American college football season

The 2018 Central Connecticut Blue Devils football team represented Central Connecticut State University in the 2018 NCAA Division I FCS football season. They were led by fifth-year head coach Pete Rossomando and played their home games at Arute Field.

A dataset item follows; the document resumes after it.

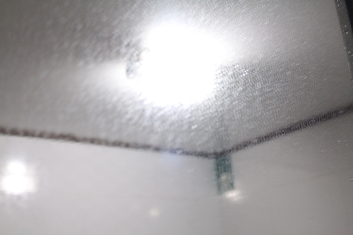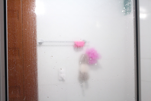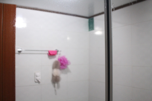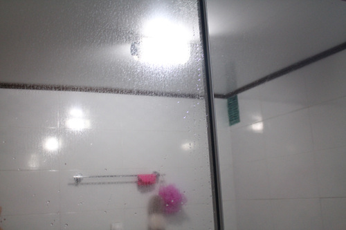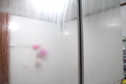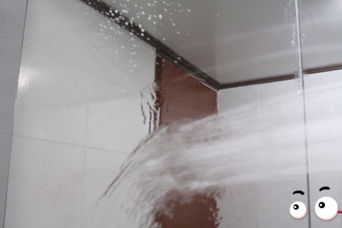 치약으로 꼼꼼히 닦아 놓은 욕실거울입니다. 5분 후 모습이구요.. 이 상태가 되면 샤워기를 이용해 헹궈 주세요.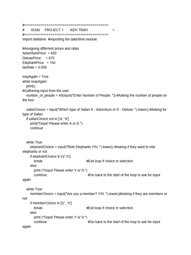 safariChoice = input("Which type of Safari A - Adventure or D - Deluxe: ").lower() #Asking for

They were a member of the Northeast Conference. They finished the season 6–5, 4–2 in NEC play to finish in third place.

==Preseason==

===NEC coaches poll===
The NEC released their preseason coaches poll on July 24, 2018, with the Blue Devils predicted to become NEC champions.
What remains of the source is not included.